▶ _Data listing_
Start of Block

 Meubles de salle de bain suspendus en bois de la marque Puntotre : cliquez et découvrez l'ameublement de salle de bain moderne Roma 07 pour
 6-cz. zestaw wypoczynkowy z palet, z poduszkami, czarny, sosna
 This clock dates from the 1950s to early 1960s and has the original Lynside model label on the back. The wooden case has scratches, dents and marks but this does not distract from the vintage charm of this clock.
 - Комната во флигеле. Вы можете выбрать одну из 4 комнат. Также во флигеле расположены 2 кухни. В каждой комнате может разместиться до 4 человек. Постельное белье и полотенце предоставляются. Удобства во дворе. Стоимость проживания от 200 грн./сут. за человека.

End of Block
Start of Block

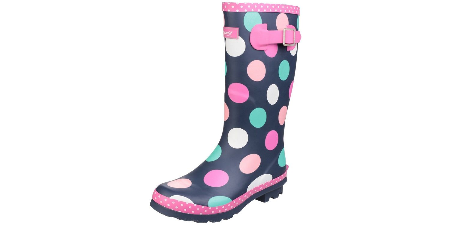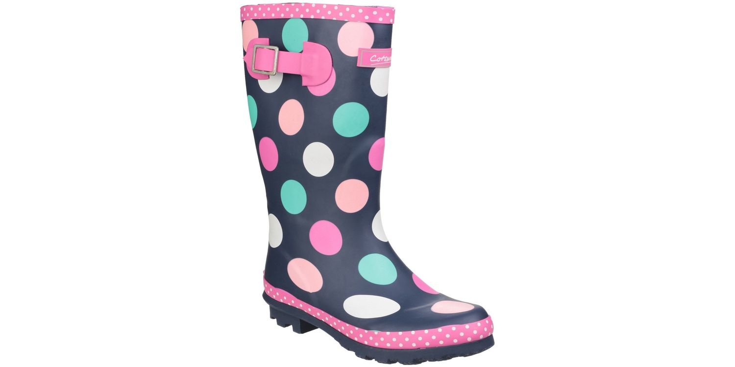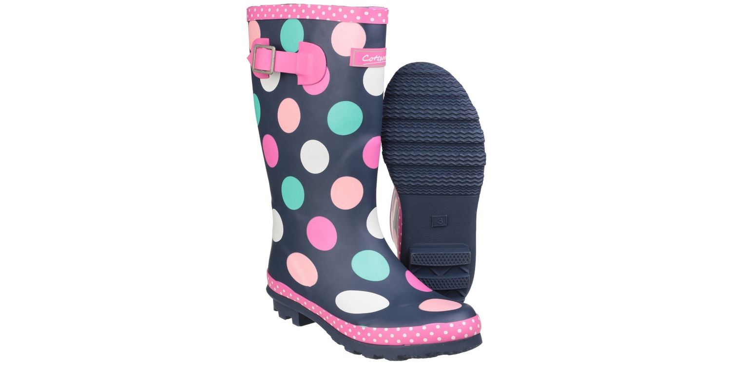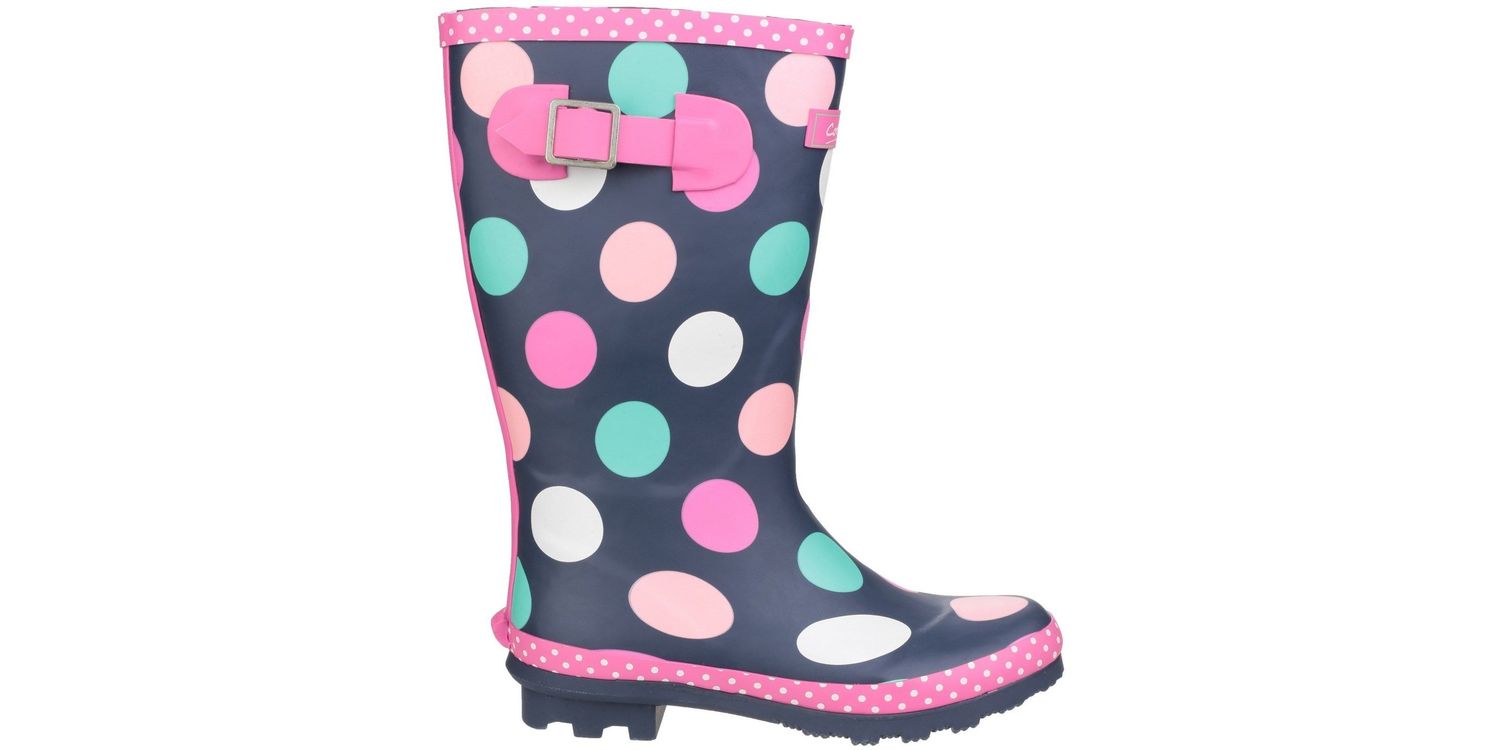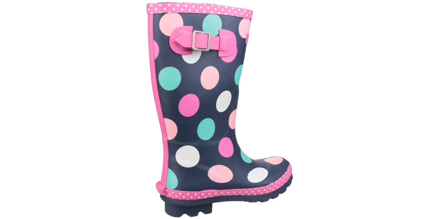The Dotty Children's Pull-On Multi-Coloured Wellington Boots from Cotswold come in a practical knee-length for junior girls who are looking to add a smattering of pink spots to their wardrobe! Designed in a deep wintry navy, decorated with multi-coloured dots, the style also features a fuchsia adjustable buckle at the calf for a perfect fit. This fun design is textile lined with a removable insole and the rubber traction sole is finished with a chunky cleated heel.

End of Block

▶ _What you need to do_
All lines in the listing above from the line containing "This clock dates" to the line containing "- Комната во", inclusive, should be retyped exactly; no other lines should appear.

▶ _Reply to the exercise_
 This clock dates from the 1950s to early 1960s and has the original Lynside model label on the back. The wooden case has scratches, dents and marks but this does not distract from the vintage charm of this clock.
 - Комната во флигеле. Вы можете выбрать одну из 4 комнат. Также во флигеле расположены 2 кухни. В каждой комнате может разместиться до 4 человек. Постельное белье и полотенце предоставляются. Удобства во дворе. Стоимость проживания от 200 грн./сут. за человека.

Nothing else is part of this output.